The existence of a unique solution is pretty straightforward for the given initial value problem because the partial derivatives do not involve any terms that could become undefined or infinite within the interval \( (-2, 2) \). Therefore, according to the theorem, a unique solution to the system of differential equations is guaranteed for any value of \(t\) within that interval.
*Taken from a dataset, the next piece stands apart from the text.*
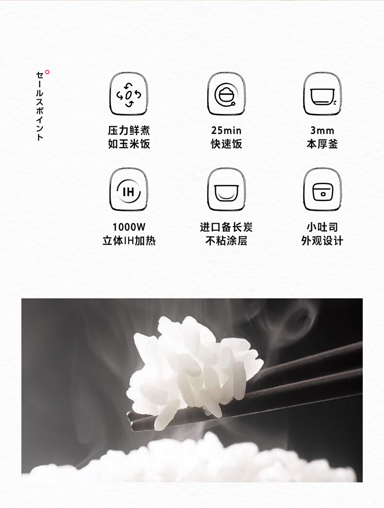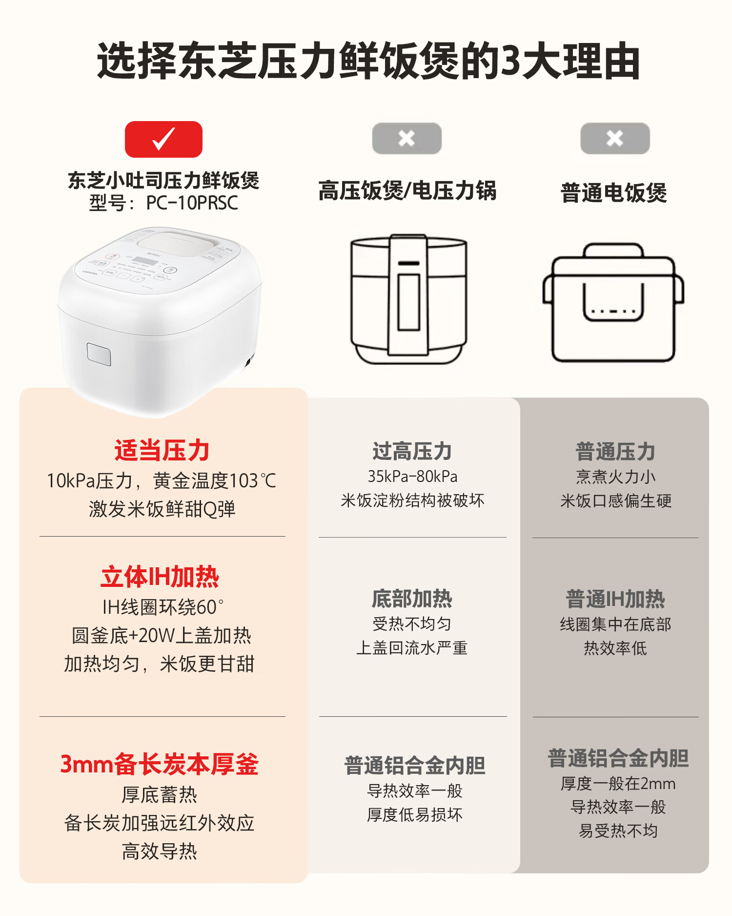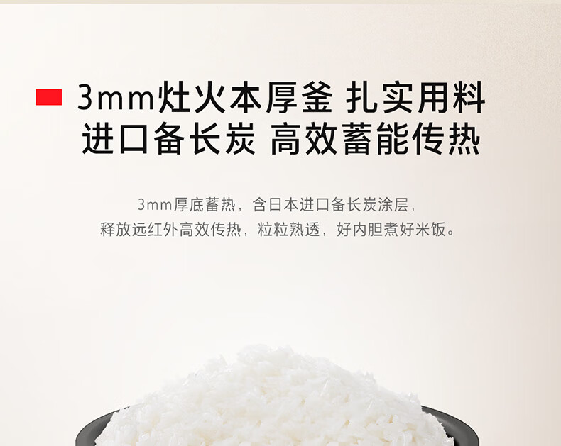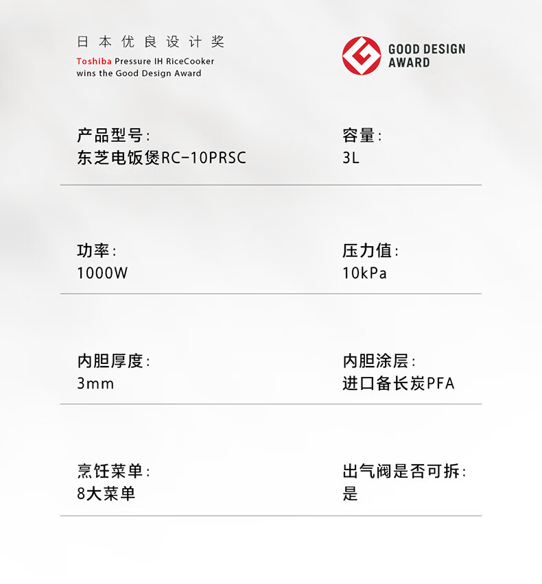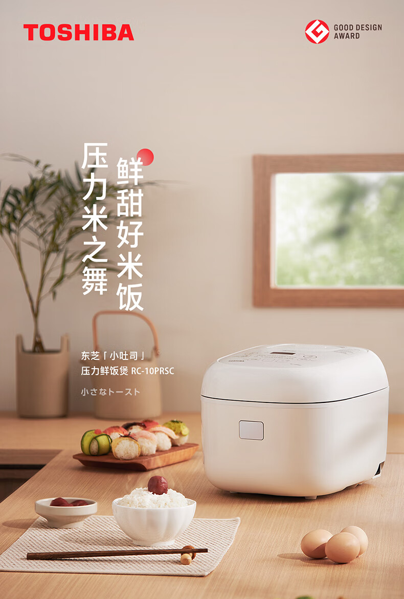东芝(TOSHIBA)小吐司鲜饭煲IH立体加热10kpa电饭煲微压 3L3-4人进口备长炭内胆家用电饭煲RC-10PRSC(W)

Continuity and Differentiability

Continuity and differentiability are foundational concepts in calculus that are integral to solving differential equations. A function is considered continuous at a point if the left-hand limit, the right-hand limit, and the value of the function at that point all exist and are equal. Differentiability, on the other hand, requires that the function has a defined derivative at that point.

For the unique solution to exist, it is not enough for the functions to be merely continuous; they must also be continuously differentiable across the interval in question. As shown in the exercise, while the functions \(f_{1}(t, y_{1}, y_{2})\) and \(f_{2}(t, y_{1}, y_{2})\) and their partial derivatives are continuous, we must be cautious of the coefficients \( (t+2) \) and \( (t-2) \) as they become zero at \( t=-2 \) and \( t=2 \) respectively. This makes the equations non-differentiable at these points, thus breaking the continuity of the interval.

In summary, it is the continuity and differentiability of the functions involved that dictate the interval where we can guarantee a unique solution for the given initial value problem. The exclusion of the points \( t=-2 \) and \( t=2 \) ensures that the criteria for the existence of a unique solution are satisfied.